# Exercise
When you repeat the entries below, please keep them exact and leave out the pictures.

Data excerpts
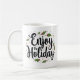 Escrito elegante caneca de café de Natal. O design apresenta o texto "Aproveite o feriado" em tipografia negra com estrelas pretas e elementos de destaque giratório. Faz o melhor presente personalizado para você, seus amigos, familiares e até mesmo vizinhos. Temos mais de 35 canecas de café de Natal na nossa coleção que vocês definitivamente vão amar. Por favor, dê uma olhada e ganhe o melhor presente de Natal com desejos especiais para suas pessoas especiais. Feliz Natal!
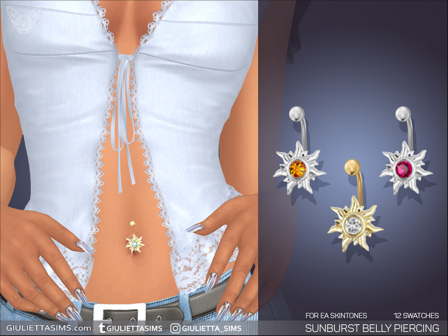 Look for this navel accessory in the left brow ring category. This belly piercing is compatible with EA skintones where the navel is positioned lower on the skin.
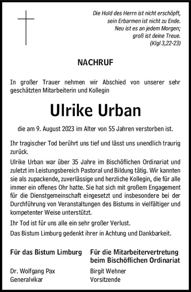 Hier finden Sie alle Traueranzeigen aus der Zeitung, die bisher für Ulrike Urban erschienen sind. Weitere Traueranzeigen, die in der Zeitung erscheinen, werden hier ebenfalls aufgelistet
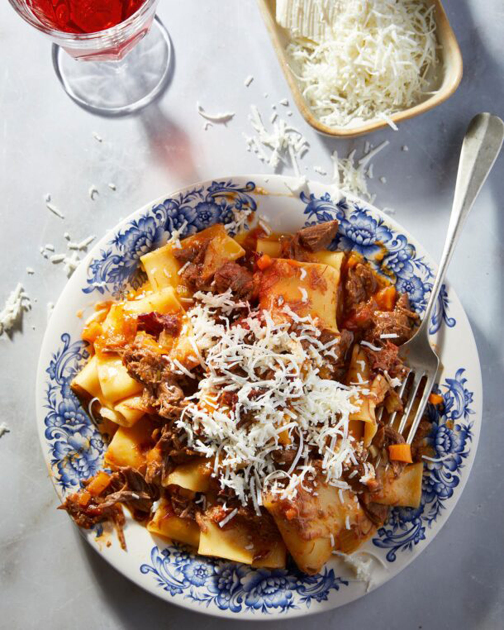 Συνοδεύουμε αυτό το υπέροχο ραγού με ζυμαρικά, κατά προτίμηση ριγκατόνι, πένες ή paccheri (σωληνωτά, σαν τεράστιο κοφτό μακαρονάκι) και πασπαλίζουμε με ένα ωραίο, παλαιωμένο κρητικό ανθότυρο.
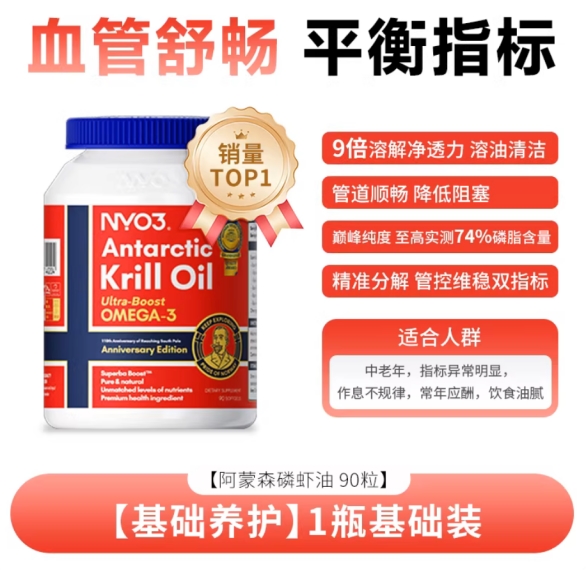 在众多膳食补充剂中,磷虾油因其独特的分子结构与多重健康益处,近年来受到营养学界和消费者的广泛关注。本文将以全球销售额领先的挪威NYO3阿蒙森磷虾油为例,从科学角度解析磷虾油的作用机制、核心功效及适用人群。
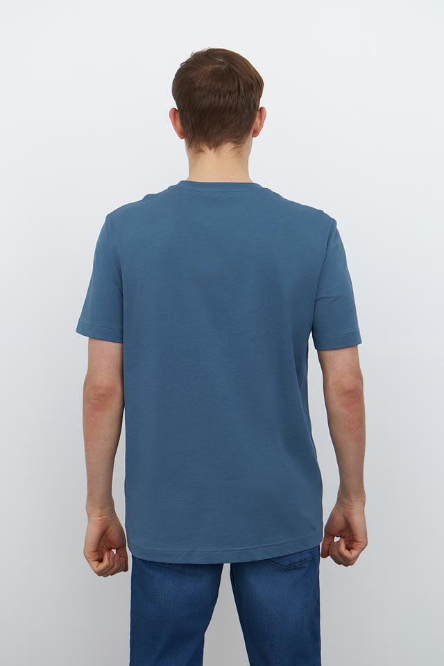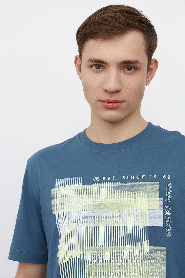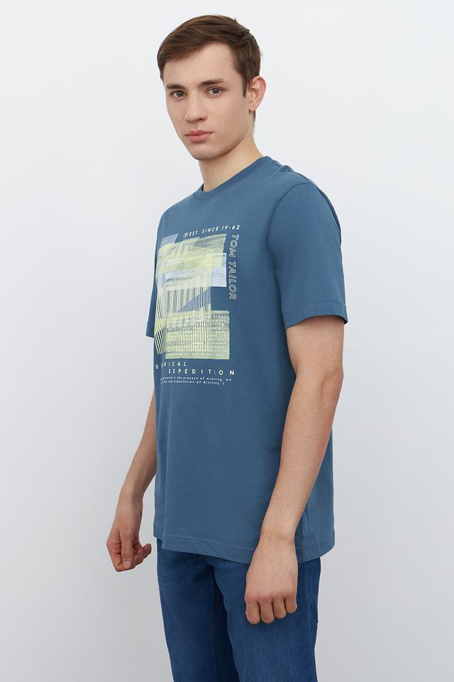 Мужская футболка Tom Tailor синего цвета с оригинальным графичным принтом. Изготовлена из 100% хлопка, обеспечивающего комфорт и воздухопроницаемость. Состав: хлопок 100%

# Exercise solution
 Escrito elegante caneca de café de Natal. O design apresenta o texto "Aproveite o feriado" em tipografia negra com estrelas pretas e elementos de destaque giratório. Faz o melhor presente personalizado para você, seus amigos, familiares e até mesmo vizinhos. Temos mais de 35 canecas de café de Natal na nossa coleção que vocês definitivamente vão amar. Por favor, dê uma olhada e ganhe o melhor presente de Natal com desejos especiais para suas pessoas especiais. Feliz Natal!
 Look for this navel accessory in the left brow ring category. This belly piercing is compatible with EA skintones where the navel is positioned lower on the skin.
 Hier finden Sie alle Traueranzeigen aus der Zeitung, die bisher für Ulrike Urban erschienen sind. Weitere Traueranzeigen, die in der Zeitung erscheinen, werden hier ebenfalls aufgelistet
 Συνοδεύουμε αυτό το υπέροχο ραγού με ζυμαρικά, κατά προτίμηση ριγκατόνι, πένες ή paccheri (σωληνωτά, σαν τεράστιο κοφτό μακαρονάκι) και πασπαλίζουμε με ένα ωραίο, παλαιωμένο κρητικό ανθότυρο.
 在众多膳食补充剂中,磷虾油因其独特的分子结构与多重健康益处,近年来受到营养学界和消费者的广泛关注。本文将以全球销售额领先的挪威NYO3阿蒙森磷虾油为例,从科学角度解析磷虾油的作用机制、核心功效及适用人群。
 Мужская футболка Tom Tailor синего цвета с оригинальным графичным принтом. Изготовлена из 100% хлопка, обеспечивающего комфорт и воздухопроницаемость. Состав: хлопок 100%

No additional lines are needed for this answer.